(Working data)
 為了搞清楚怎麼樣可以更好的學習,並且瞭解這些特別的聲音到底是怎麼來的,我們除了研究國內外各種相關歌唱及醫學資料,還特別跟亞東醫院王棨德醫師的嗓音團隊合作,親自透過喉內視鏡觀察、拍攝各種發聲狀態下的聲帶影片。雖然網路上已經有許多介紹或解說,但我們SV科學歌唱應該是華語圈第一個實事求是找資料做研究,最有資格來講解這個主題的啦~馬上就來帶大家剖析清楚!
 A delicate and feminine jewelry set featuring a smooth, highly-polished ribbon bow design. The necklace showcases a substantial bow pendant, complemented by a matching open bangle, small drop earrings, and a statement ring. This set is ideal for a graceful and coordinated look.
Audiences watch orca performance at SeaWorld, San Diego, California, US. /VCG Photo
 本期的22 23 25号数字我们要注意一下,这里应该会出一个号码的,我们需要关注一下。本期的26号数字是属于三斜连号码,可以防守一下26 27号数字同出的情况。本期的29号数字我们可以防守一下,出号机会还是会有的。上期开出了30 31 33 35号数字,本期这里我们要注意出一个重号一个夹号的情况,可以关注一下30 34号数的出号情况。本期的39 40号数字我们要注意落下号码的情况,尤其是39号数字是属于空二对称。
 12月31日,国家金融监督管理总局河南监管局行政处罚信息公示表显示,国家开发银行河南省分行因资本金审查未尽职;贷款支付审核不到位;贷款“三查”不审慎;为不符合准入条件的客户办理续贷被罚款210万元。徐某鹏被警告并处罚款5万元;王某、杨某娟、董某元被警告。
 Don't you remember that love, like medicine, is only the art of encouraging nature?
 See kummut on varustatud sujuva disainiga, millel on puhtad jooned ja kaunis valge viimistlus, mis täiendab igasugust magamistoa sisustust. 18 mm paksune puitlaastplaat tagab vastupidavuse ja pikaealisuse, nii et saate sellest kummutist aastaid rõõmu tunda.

(What you should do)
Nothing should be omitted or altered. Retype the records exactly.

(Answer area)
 為了搞清楚怎麼樣可以更好的學習,並且瞭解這些特別的聲音到底是怎麼來的,我們除了研究國內外各種相關歌唱及醫學資料,還特別跟亞東醫院王棨德醫師的嗓音團隊合作,親自透過喉內視鏡觀察、拍攝各種發聲狀態下的聲帶影片。雖然網路上已經有許多介紹或解說,但我們SV科學歌唱應該是華語圈第一個實事求是找資料做研究,最有資格來講解這個主題的啦~馬上就來帶大家剖析清楚!
 A delicate and feminine jewelry set featuring a smooth, highly-polished ribbon bow design. The necklace showcases a substantial bow pendant, complemented by a matching open bangle, small drop earrings, and a statement ring. This set is ideal for a graceful and coordinated look.
Audiences watch orca performance at SeaWorld, San Diego, California, US. /VCG Photo
 本期的22 23 25号数字我们要注意一下,这里应该会出一个号码的,我们需要关注一下。本期的26号数字是属于三斜连号码,可以防守一下26 27号数字同出的情况。本期的29号数字我们可以防守一下,出号机会还是会有的。上期开出了30 31 33 35号数字,本期这里我们要注意出一个重号一个夹号的情况,可以关注一下30 34号数的出号情况。本期的39 40号数字我们要注意落下号码的情况,尤其是39号数字是属于空二对称。
 12月31日,国家金融监督管理总局河南监管局行政处罚信息公示表显示,国家开发银行河南省分行因资本金审查未尽职;贷款支付审核不到位;贷款“三查”不审慎;为不符合准入条件的客户办理续贷被罚款210万元。徐某鹏被警告并处罚款5万元;王某、杨某娟、董某元被警告。
 Don't you remember that love, like medicine, is only the art of encouraging nature?
 See kummut on varustatud sujuva disainiga, millel on puhtad jooned ja kaunis valge viimistlus, mis täiendab igasugust magamistoa sisustust. 18 mm paksune puitlaastplaat tagab vastupidavuse ja pikaealisuse, nii et saate sellest kummutist aastaid rõõmu tunda.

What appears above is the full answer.